Omit every picture and output the rest of the records exactly as they are.

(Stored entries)
........

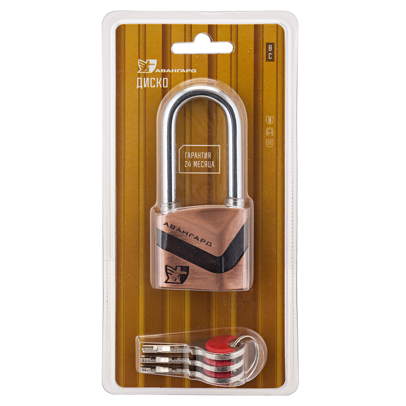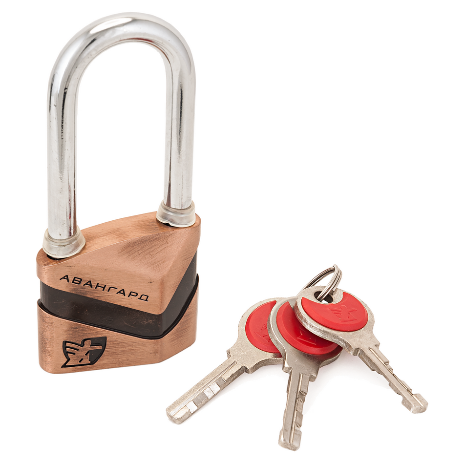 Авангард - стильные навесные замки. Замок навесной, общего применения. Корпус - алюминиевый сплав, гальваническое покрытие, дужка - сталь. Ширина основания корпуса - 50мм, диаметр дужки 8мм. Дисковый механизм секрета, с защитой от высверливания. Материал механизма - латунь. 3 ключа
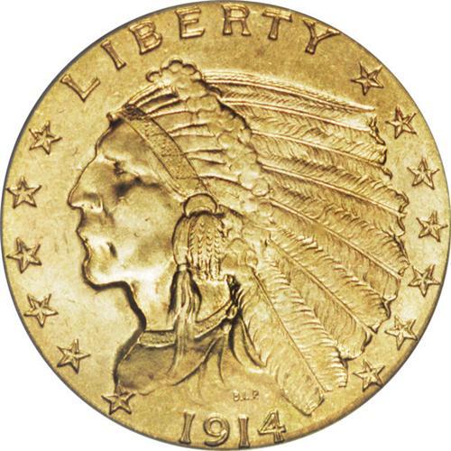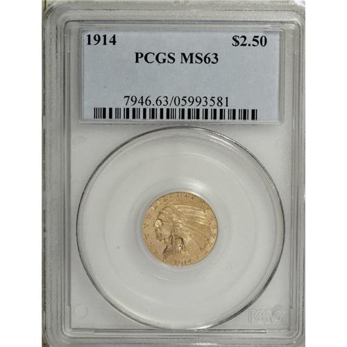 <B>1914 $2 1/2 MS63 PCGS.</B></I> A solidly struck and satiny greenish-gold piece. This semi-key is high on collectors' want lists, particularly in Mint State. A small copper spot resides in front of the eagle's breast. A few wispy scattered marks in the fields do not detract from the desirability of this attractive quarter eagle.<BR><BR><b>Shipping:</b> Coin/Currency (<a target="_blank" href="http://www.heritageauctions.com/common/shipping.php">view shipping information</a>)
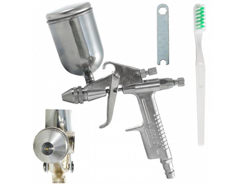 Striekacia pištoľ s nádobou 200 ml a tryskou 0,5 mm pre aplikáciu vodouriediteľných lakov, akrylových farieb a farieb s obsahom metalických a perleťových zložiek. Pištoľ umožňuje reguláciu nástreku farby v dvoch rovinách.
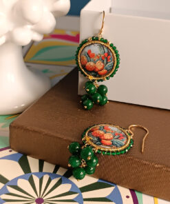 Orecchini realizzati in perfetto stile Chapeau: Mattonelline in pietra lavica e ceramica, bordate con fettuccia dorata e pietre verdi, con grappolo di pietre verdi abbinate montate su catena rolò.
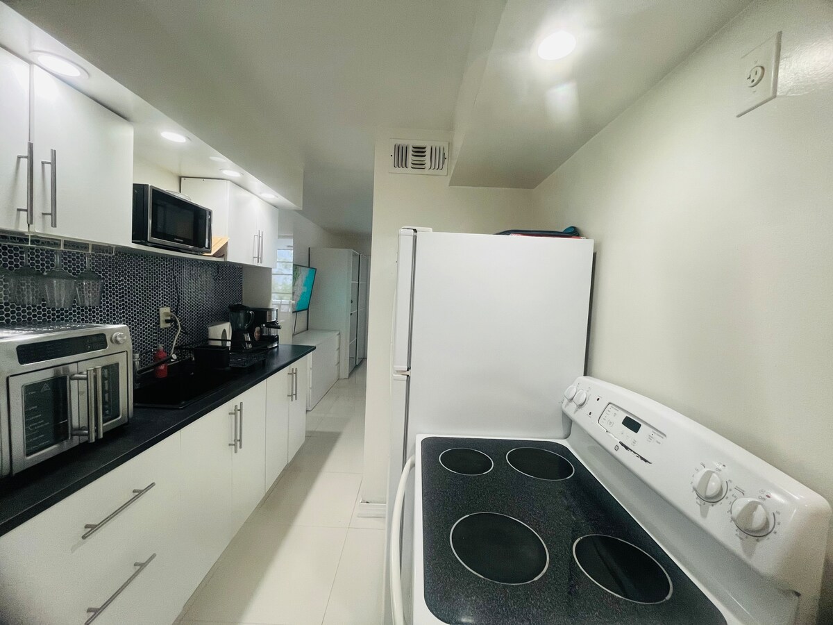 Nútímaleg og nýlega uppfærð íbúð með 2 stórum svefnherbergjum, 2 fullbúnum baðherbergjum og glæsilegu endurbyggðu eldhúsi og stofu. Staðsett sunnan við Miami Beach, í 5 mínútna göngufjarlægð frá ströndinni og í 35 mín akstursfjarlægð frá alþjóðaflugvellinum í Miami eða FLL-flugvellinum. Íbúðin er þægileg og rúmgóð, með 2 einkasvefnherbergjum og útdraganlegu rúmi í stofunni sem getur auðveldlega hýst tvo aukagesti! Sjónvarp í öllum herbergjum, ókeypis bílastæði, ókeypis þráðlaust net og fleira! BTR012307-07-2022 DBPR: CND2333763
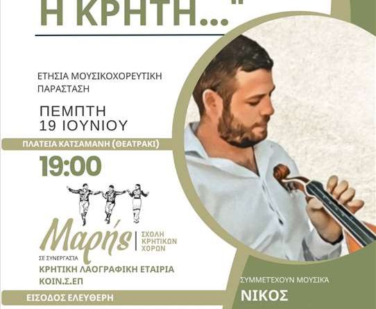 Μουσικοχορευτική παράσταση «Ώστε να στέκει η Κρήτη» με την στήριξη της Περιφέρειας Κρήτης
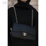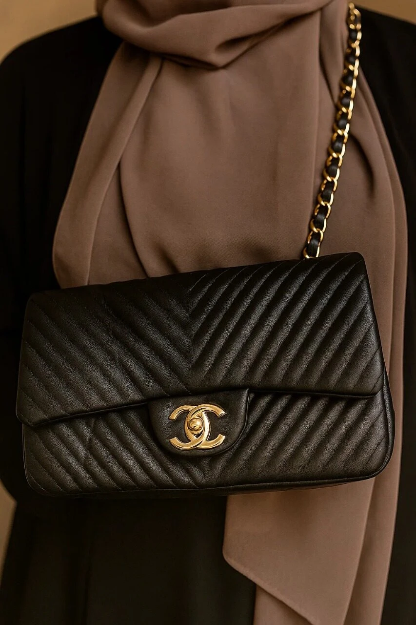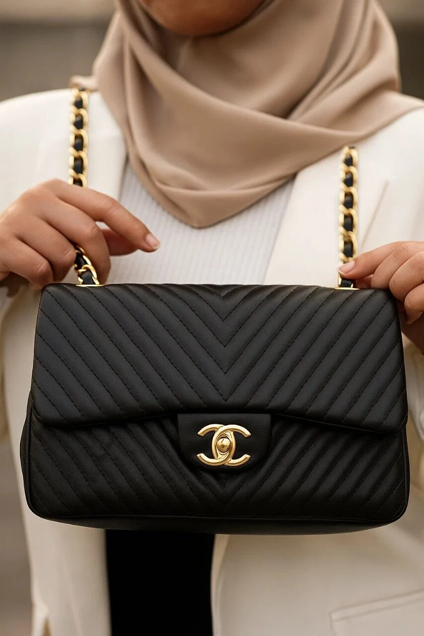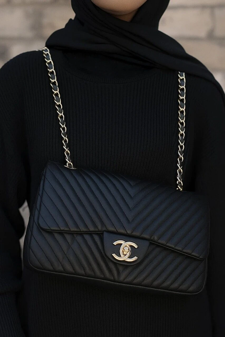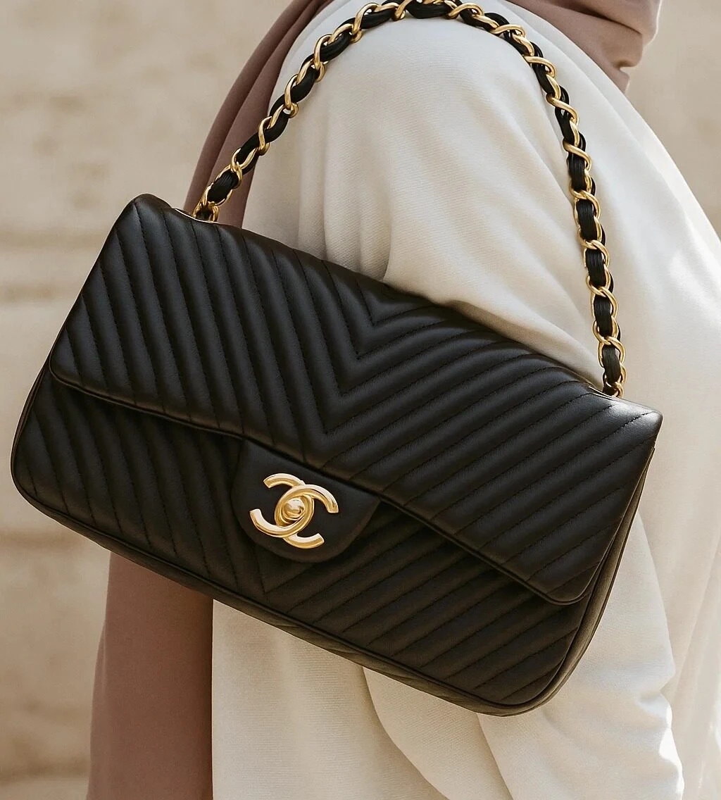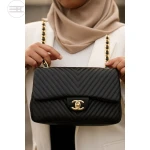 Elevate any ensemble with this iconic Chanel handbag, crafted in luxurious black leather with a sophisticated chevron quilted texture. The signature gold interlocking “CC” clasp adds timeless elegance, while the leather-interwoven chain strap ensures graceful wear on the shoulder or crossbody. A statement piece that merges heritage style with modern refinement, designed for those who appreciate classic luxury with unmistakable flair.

........

▶ **RESULT OF THE EXERCISE**:
 Авангард - стильные навесные замки. Замок навесной, общего применения. Корпус - алюминиевый сплав, гальваническое покрытие, дужка - сталь. Ширина основания корпуса - 50мм, диаметр дужки 8мм. Дисковый механизм секрета, с защитой от высверливания. Материал механизма - латунь. 3 ключа
 <B>1914 $2 1/2 MS63 PCGS.</B></I> A solidly struck and satiny greenish-gold piece. This semi-key is high on collectors' want lists, particularly in Mint State. A small copper spot resides in front of the eagle's breast. A few wispy scattered marks in the fields do not detract from the desirability of this attractive quarter eagle.<BR><BR><b>Shipping:</b> Coin/Currency (<a target="_blank" href="http://www.heritageauctions.com/common/shipping.php">view shipping information</a>)
 Striekacia pištoľ s nádobou 200 ml a tryskou 0,5 mm pre aplikáciu vodouriediteľných lakov, akrylových farieb a farieb s obsahom metalických a perleťových zložiek. Pištoľ umožňuje reguláciu nástreku farby v dvoch rovinách.
 Orecchini realizzati in perfetto stile Chapeau: Mattonelline in pietra lavica e ceramica, bordate con fettuccia dorata e pietre verdi, con grappolo di pietre verdi abbinate montate su catena rolò.
 Nútímaleg og nýlega uppfærð íbúð með 2 stórum svefnherbergjum, 2 fullbúnum baðherbergjum og glæsilegu endurbyggðu eldhúsi og stofu. Staðsett sunnan við Miami Beach, í 5 mínútna göngufjarlægð frá ströndinni og í 35 mín akstursfjarlægð frá alþjóðaflugvellinum í Miami eða FLL-flugvellinum. Íbúðin er þægileg og rúmgóð, með 2 einkasvefnherbergjum og útdraganlegu rúmi í stofunni sem getur auðveldlega hýst tvo aukagesti! Sjónvarp í öllum herbergjum, ókeypis bílastæði, ókeypis þráðlaust net og fleira! BTR012307-07-2022 DBPR: CND2333763
 Μουσικοχορευτική παράσταση «Ώστε να στέκει η Κρήτη» με την στήριξη της Περιφέρειας Κρήτης
 Elevate any ensemble with this iconic Chanel handbag, crafted in luxurious black leather with a sophisticated chevron quilted texture. The signature gold interlocking “CC” clasp adds timeless elegance, while the leather-interwoven chain strap ensures graceful wear on the shoulder or crossbody. A statement piece that merges heritage style with modern refinement, designed for those who appreciate classic luxury with unmistakable flair.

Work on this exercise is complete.